Mr. Mahsuk Yamac is a scholar of the classical Islamic sciences with licenses to teach in all pertinent knowledges. His field specialties include Islamic Philosophy and the Liberal Arts, Arabic Grammar and Morphology, Logic, Argumentation Theory (Ādāb al-Baḩth wa-l-Munāẓara), and the Science of Lexical Semantics and Word-Coinage (‘ilm al-wad’). At Zaytuna College, Mr. Yamac has taught Islamic Philosophy 1 (Hidāyat al-Ḥikma), Islamic Philosophy 2-3-4 (Bidāyat al-Ḥikma), Arabic Grammar (Iẓhār al-Asrār).

Research Specialists

Justin Poe

Justin Poe is a student of the Islamic sciences. He completed a B.A. in English Language and Literature from Stevenson University and thereafter pursued sacred knowledge full-time. He studied in Baltimore for four years under Shaykh Yaseen Shaikh at Masjid al-Rahmah’s ʿālimiyya program, and then transferred to Darussalam Seminary in Lombard, IL and completed his studies under the eminent teachers and guides in the full-time seminary program. He remained in Chicago for another year to study at Darul Qasim, taking courses in their Advanced Islamic Studies program. Afterward, he pursued post-graduate studies and attended Zaytuna College’s M.A. program in Islamic Texts, with a concentration in theology and philosophy, graduating in May of 2022. He now works full-time as a research specialist at Brandeis University under ASIPT’s director, Dr. Aaron Spevack, and teaches locally at INK Baltimore Seminary.

Marwan Tayyan

Marwan Tayyan has an M.A. in Islamic texts from Zaytuna College, where he studied advanced Arabic texts in the classical Islamic kalām and falsafa traditions, with an emphasis on the application of the ancillary sciences (ʿulūm al-ʿāla) including grammar, logic, and rhetoric.

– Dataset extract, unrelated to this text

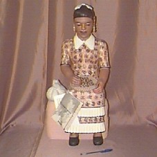 ESCULTURA (66,5X31X29 CM), CONFECCIONADA EM BARRO DO RIO JEQUINTINHONHA, DE UMA MULHER SENTADA COM UMA PENEIRA NO COLO, ESCOLHENDO FEIJÃO.
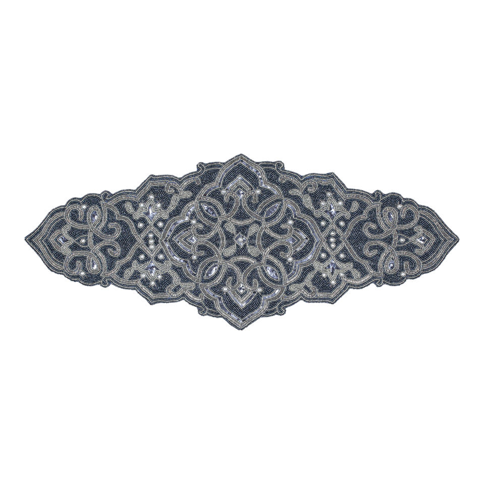 Stunning glass beads on luxurious polyester fabric

Though his primary academic research interests are in epistemology, metaphysics, and theology, his broader vision is one in which Muslim communities in western societies have a general grasp of how the Islamic sciences function as a pedagogical system and of how they offer the most effective tools for understanding and tackling contemporary intellectual challenges with wisdom and guidance.

Staff

Michaela Spampinato

Michaela Spampinato is the Project Coordinator for ASIPT and Managing Editor of the The Journal of Islamic Philosophy. In addition to her work here, she teaches First Year Writing at Babson College. She has a Bachelor’s Degree in English and Spanish from Wesleyan University and a Master of Fine Arts in Creative Writing from New Mexico State University. She writes fiction in her spare time. Her book Who I Thought You Were is forthcoming from the Permanent Press.